After receiving a number of not-particularly-positive phone calls "'from all over the world,'" the designer-decorator jumped on his princess phone and called The Old Grey Lady herself—that would be The New York Times—to clarify matters and express a sharp dismay about the existing day-core. He is not, he would like the world to know, responsible for the installation and execution of the finishes and furnishings. He went on to hiss, "'I never thought that this horror would be published and then everybody would blame me for having done it.'"

Oh dear.

Mister Sklar conceded to The New York Times that Mister Molyneux did only design the original plans for the penthouse 18 years ago and that he opted to execute the designs himself without additional assistance or guidance from Mister Molyneux. Mister Sklar showed The New York Times Mister Molyneux's original plans and pointed out that he "hewed almost religiously to the decorator’s plans, down to the style of curtains, use of marble and columns — even, in one case, the exact placement of a painting in his office."

Cat fight! 

As of today, online marketing materials still state the six bedroom and nine bathroom, multi-terraced penthouse was, "Designed by the renowned Juan Pablo Molyneux, a member of Architectural Digest's AD100." More photos and floor plans here.

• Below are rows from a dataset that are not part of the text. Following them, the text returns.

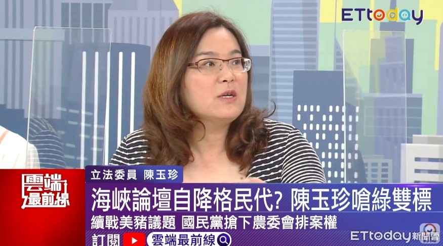 主持人詢問,頭銜是否矮化中華民國立法委員?陳玉珍直回「我是不接受這個邏輯」。她並說,大家可能跟自己處的環境不一樣,所以不理解,「我甚至還可以公開說,如果沒有隔離、開議,我也會去參加海峽論壇」。
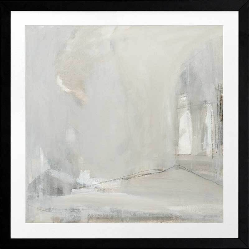 Mystery Smoke Framed Art Print - Grey mist and that feeling of a storm brewing"... This evocative piece uses free-spirited brush strokes and layers of foggy grey to evoke the feeling of entering a room mysteriously thick with smoke, forcing you to slow down and watch the drama unfold.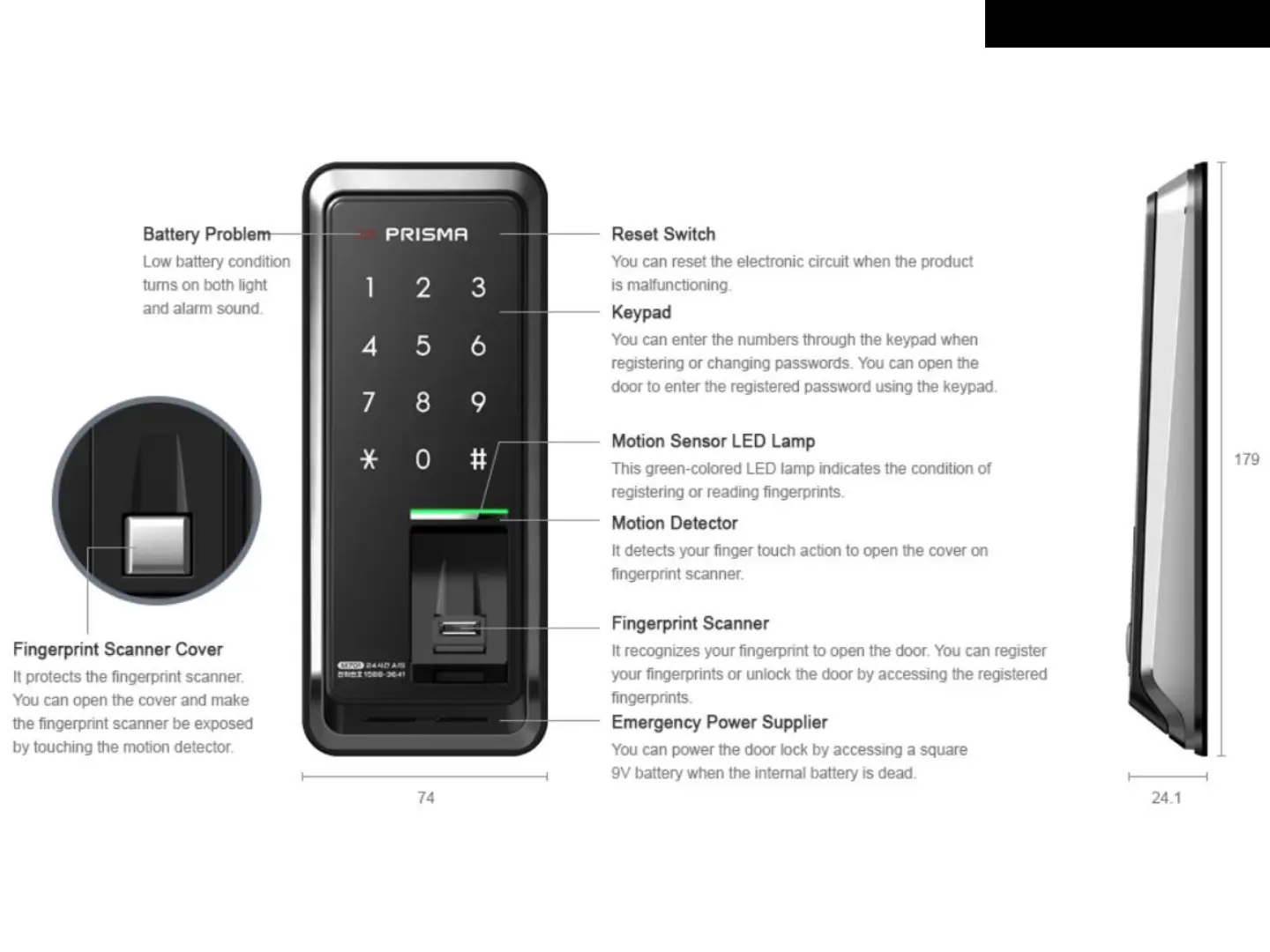 Prisma M701 - Specification; Battery Problem; Fingerprint Scanner; Emergency Power Supplier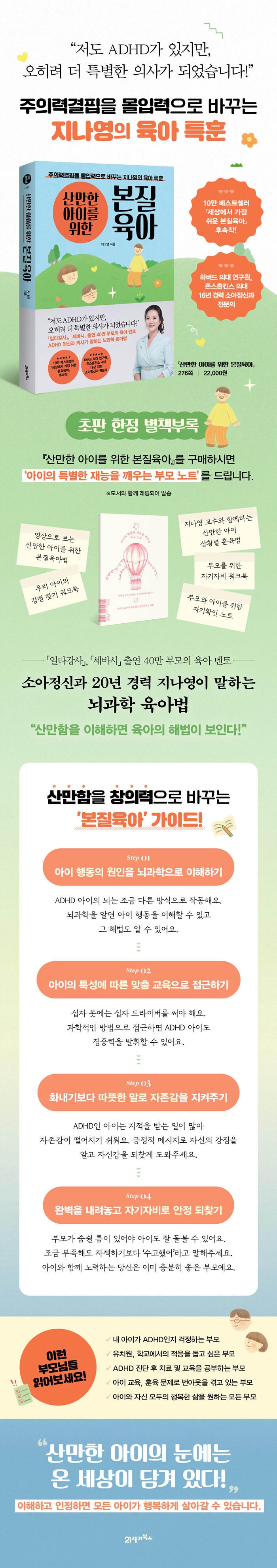 ¡º»ê¸¸ÇÑ ¾ÆÀ̸¦ À§ÇÑ º»ÁúÀ°¾Æ¡»´Â ÁÖÀǰ¡ Èð¾îÁö´Â ¾ÆÀ̸¦ ¡®ÁýÁßÀÇ ¼³°èÀÚ¡¯·Î Ű¿ì´Â, Áö³ª¿µ ±³¼öÀÇ ³ú°úÇÐ À°¾Æ Æ¯ÈÆ¼´Ù. 20³â °æ·Â ¼Ò¾ÆÁ¤½Å°ú Àü¹®ÀÇÀÌÀÚ ADHD ´ç»çÀÚÀÎ ÀúÀÚ Áö³ª¿µÀº ¡°»ê¸¸ÇÔÀº °íÃÄ¾ß ÇÒ °áÇÔÀÌ ¾Æ´Ï¶ó ¼³°èÇØ¾ß ÇÒ °¡´É¼º¡±À̶ó°í ¸»ÇÑ´Ù. ¾ÆÀÌÀÇ ÁÖÀÇ·Â, Ãæµ¿¼º, °èȹ·Â ºÎÁ·À» ´Ü¼øÇÑ ÈÆÀ°ÀÇ ¹®Á¦°¡ ¾Æ´Ï¶ó ³ú°¡ Á¤º¸¸¦ ó¸®ÇÏ°í ¹ÝÀÀÇÏ´Â ¹æ½ÄÀÇ Â÷ÀÌ·Î ÀÌÇØÇϰí, À̸¦ ÀÏ»ó ¼Ó ½Çõ Àü·«À¸·Î ¹Ù²Ù´Â ¹æ¹ýÀ» ±¸Ã¼ÀûÀ¸·Î Á¦½ÃÇÑ´Ù.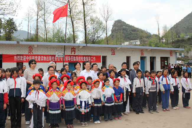4月24日,中组部党建读物出版社社长王占生一行在县委副书记、草海管理局党委书记冯兴忠,市委组织部副部长黄家忠的陪同下到板底乡清河小学考察调研。中组部党建读物出版社将无偿为该校修建一栋多媒体图书室,并同时捐赠书籍、电脑等学习用品。图为考察后王占生与师生代表合影。 (王超 摄)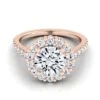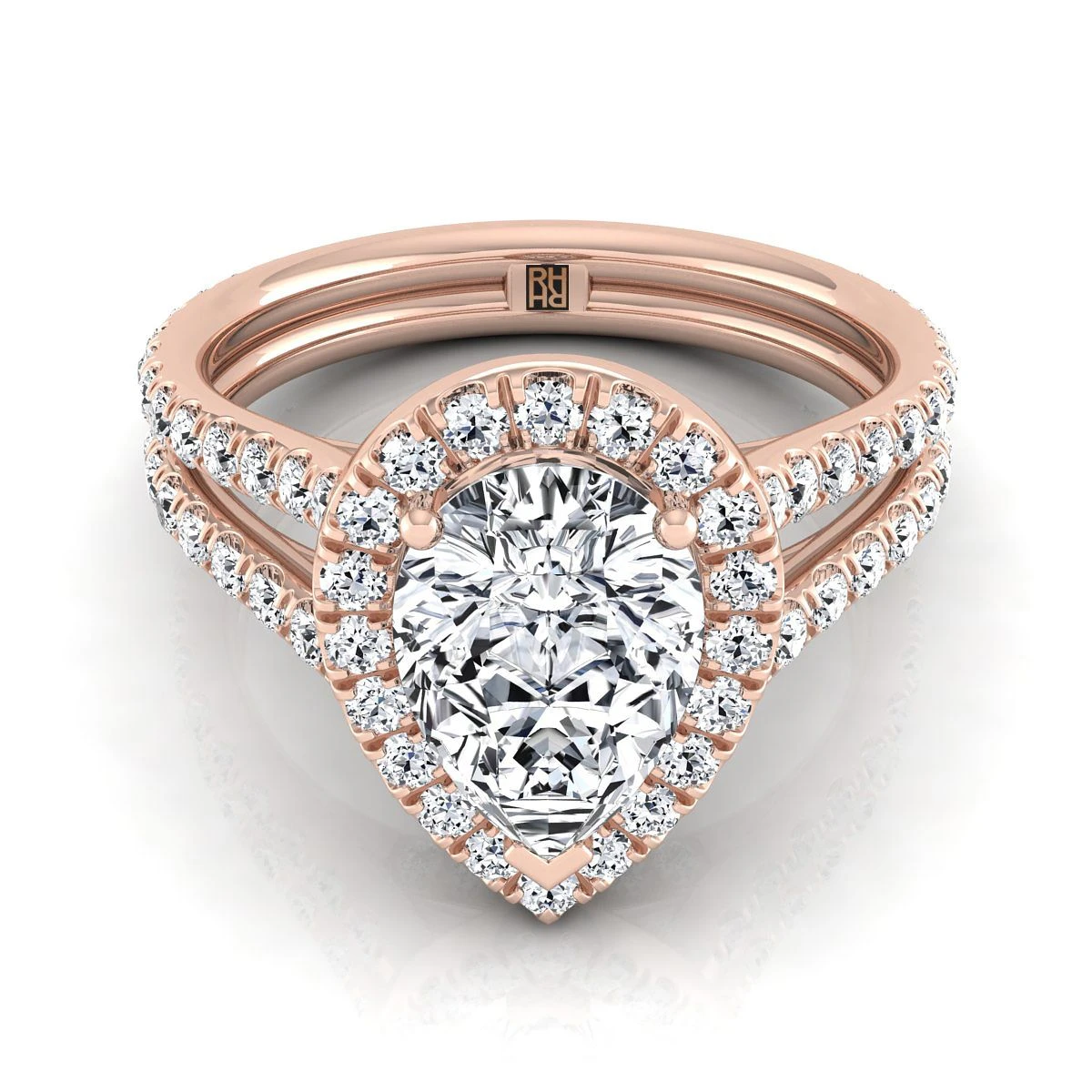 14K Rose Gold Pear Shape Center Diamond Halo Two Row Pavé Split Shank Engagement Ring -7/8ctw

Mister Molyneux's own, elaborately-done Manhattan townhouse also happens to be available on the open market with a protuberant $48,000,000 asking price and the few listing photographs included with online listings show a more nuanced, richly-textured, and typically Molyneux-ian sort of day-core. 

listing photos: Stribling 

5 comments:

Grrrowler said...

Sorry, but a paint-by-numbers Picasso is still not a real Picasso.

Anonymous said...

This is the risk every designer takes, when accepting a job from someone with questionable taste. I used to work for an AD 100 designer, and came to learn that not every job is one that they would want published.

No matter the budget, talent of the designer, or extraordinary space, if the client is bull-headed and the only taste they have is in their mouth, the end result will be disastrous.

Anonymous said...

Molyneux is such a little queen! Gurlfight!

old louisville homes for sale said...

And how mzch costs a proffesional design?

Anonymous said...

Oh come on now. The apartment owner bought sketches but didn't want to fork over the big dough to do proper finishes and ultrahigh-end furnishings. That's almost like my late aunt Tillie seeing a picture of a David Easton marble entry in AD and doing it herself with vinyl tile from Home Depot. I do hope Molyneux takes them to court over this. Hideous, hideous apartment. Nasty, awful, yuck!